Welsh J D, Poventud-Fuentes I, Sampietro S, Diamond S L, Stalker T J, Brass L F
Departments of Medicine and Pharmacology, University of Pennsylvania, Philadelphia, PA, USA.
Department of Chemical and Biomolecular Engineering, University of Pennsylvania, Philadelphia, PA, USA.
J Thromb Haemost. 2017 Mar;15(3):526-537. doi: 10.1111/jth.13600. Epub 2017 Feb 6.
Essentials Methods were developed to image the hemostatic response in mouse femoral arteries in real time. Penetrating injuries produced thrombi consisting primarily of platelets. Similar to arterioles, a core-shell architecture of platelet activation occurs in the femoral artery. Differences from arterioles included slower platelet activation and reduced thrombin dependence.
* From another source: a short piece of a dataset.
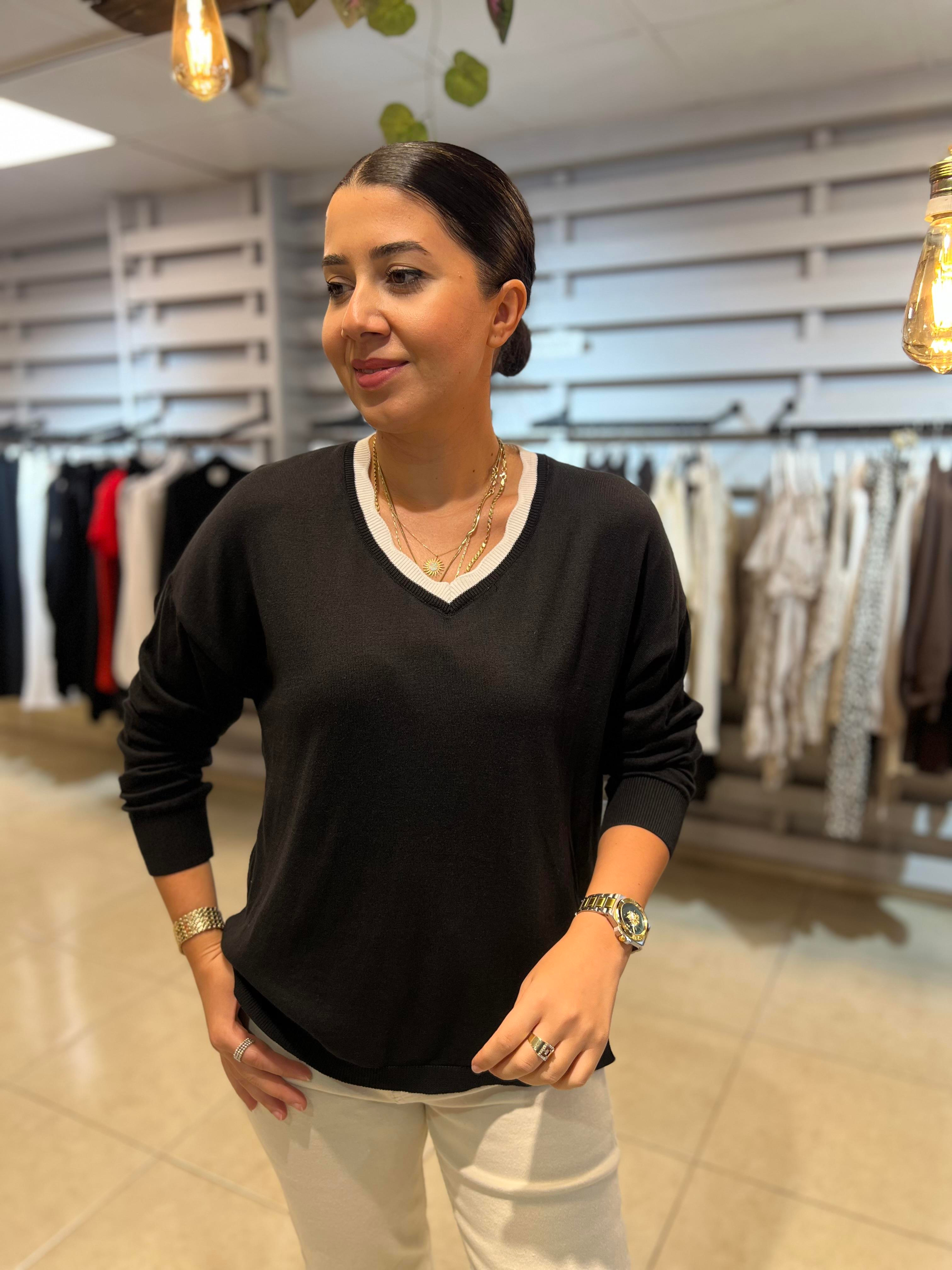 Yaka Çizgili V Yaka Pamuk Triko Bluz Siyah
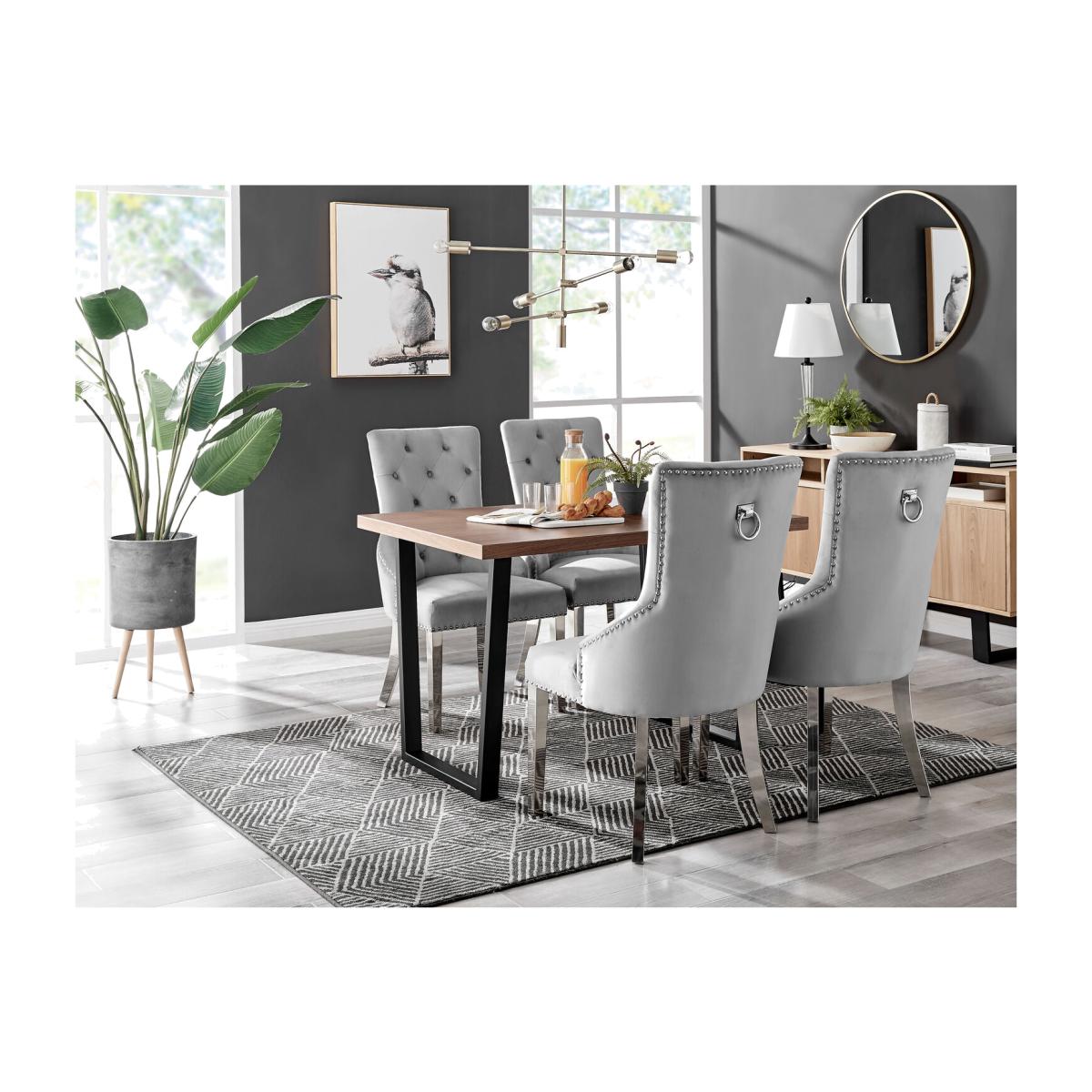 The Kylo collection features a large rectangular table top which has plenty of space for laying our an impressive spread for friends and family. This 120cm 4 seat version is ideal if you love hosting guests for dinner. Our favourite part of the Kylo dining table is the u-shaped black metal legs which provide an industrial dining set look. The brown wood veneer effect table top is not only beautiful but also practical and easy to clean thanks to its smooth surface which wipes clean. This is a wow factor dining table for your dining room. The Belgravia knocker chair is the ultimate in dining chair opulence with its scoop back design that allows you and your guests to lean back and feel supported by the wrap-around arms. Stylish Chesterfield-inspired button tufting and diamond stitching add to the modern chic look. The design gives us straight lines and soft padded curves contemporary and comfortable. The thick filled seat cushion is supportive and comfortable and is complemented by the velvet fabric. These ultra-modern chairs have subtle chrome button detailing along the trim of the seat and around the back of the chair which compliments beautifully with the legs and knocker. The highlight of the Belgravia chair is the chrome knocker on the back of the chair which is a popular feature for both modern and traditional dining rooms. Anyone for a lovely dinner party or some cocktails sat in one of these! We're in love! The Kylo collection features a large rectangular table top which has plenty of space for laying our an impressive spread for friends and family. This 120cm 4 seat version is ideal if you love hosting guests for dinner. Our favourite part of the Kylo dining table is the u-shaped black metal legs which provide an industrial dining set look. The brown wood veneer effect table top is not only beautiful but also practical and easy to clean thanks to its smooth surface which wipes clean. This is a wow factor dining table for your dining room. The opulent Belgravia chairs provide a touch of luxury, with thickly padded velvet upholstery, and a striking knockerback detail. Anyone for a lovely dinner party or some cocktails

Background Intravital studies performed in the mouse microcirculation show that hemostatic thrombi formed after penetrating injuries develop a characteristic architecture in which a core of fully activated, densely packed platelets is overlaid with a shell of less activated platelets. Objective Large differences in hemodynamics and vessel wall biology distinguish arteries from arterioles. Here we asked whether these differences affect the hemostatic response and alter the impact of anticoagulants and antiplatelet agents. Methods Approaches previously developed for intravital imaging in the mouse microcirculation were adapted to the femoral artery, enabling real-time fluorescence imaging despite the markedly thicker vessel wall. Results Arterial thrombi initiated by penetrating injuries developed the core-and-shell architecture previously observed in the microcirculation. However, although platelet accumulation was greater in arterial thrombi, the kinetics of platelet activation were slower. Inhibiting platelet ADP P2Y receptors destabilized the shell and reduced thrombus size without affecting the core. Inhibiting thrombin with hirudin suppressed fibrin accumulation, but had little impact on thrombus size. Removing the platelet collagen receptor, glycoprotein VI, had no effect. Conclusions These results (i) demonstrate the feasibility of performing high-speed fluorescence imaging in larger vessels and (ii) highlight differences as well as similarities in the hemostatic response in the macro- and microcirculation. Similarities include the overall core-and-shell architecture. Differences include the slower kinetics of platelet activation and a smaller contribution from thrombin, which may be due in part to the greater thickness of the arterial wall and the correspondingly greater separation of tissue factor from the vessel lumen.
开发了用于实时成像小鼠股动脉止血反应的基本方法。穿透性损伤产生的血栓主要由血小板组成。与小动脉类似,股动脉中发生血小板活化的核壳结构。与小动脉的差异包括血小板活化较慢和凝血酶依赖性降低。
背景 在小鼠微循环中进行的活体研究表明,穿透性损伤后形成的止血血栓具有特征性结构,其中完全活化、紧密堆积的血小板核心被一层活化程度较低的血小板覆盖。目的 血液动力学和血管壁生物学的巨大差异区分了动脉和小动脉。在这里,我们询问这些差异是否会影响止血反应,并改变抗凝剂和抗血小板药物的作用。方法 先前为小鼠微循环活体成像开发的方法被应用于股动脉,尽管血管壁明显更厚,但仍能进行实时荧光成像。结果 穿透性损伤引发的动脉血栓形成了先前在微循环中观察到的核壳结构。然而,尽管动脉血栓中的血小板聚集更多,但血小板活化的动力学较慢。抑制血小板 ADP P2Y 受体使壳层不稳定并减小血栓大小,而不影响核心。用水蛭素抑制凝血酶可抑制纤维蛋白积累,但对血栓大小影响不大。去除血小板胶原受体糖蛋白 VI 没有效果。结论 这些结果(i)证明了在较大血管中进行高速荧光成像的可行性,(ii)突出了大循环和微循环中止血反应的差异和相似之处。相似之处包括整体的核壳结构。差异包括血小板活化动力学较慢以及凝血酶的贡献较小,这可能部分归因于动脉壁更厚以及组织因子与血管腔的相应更大距离。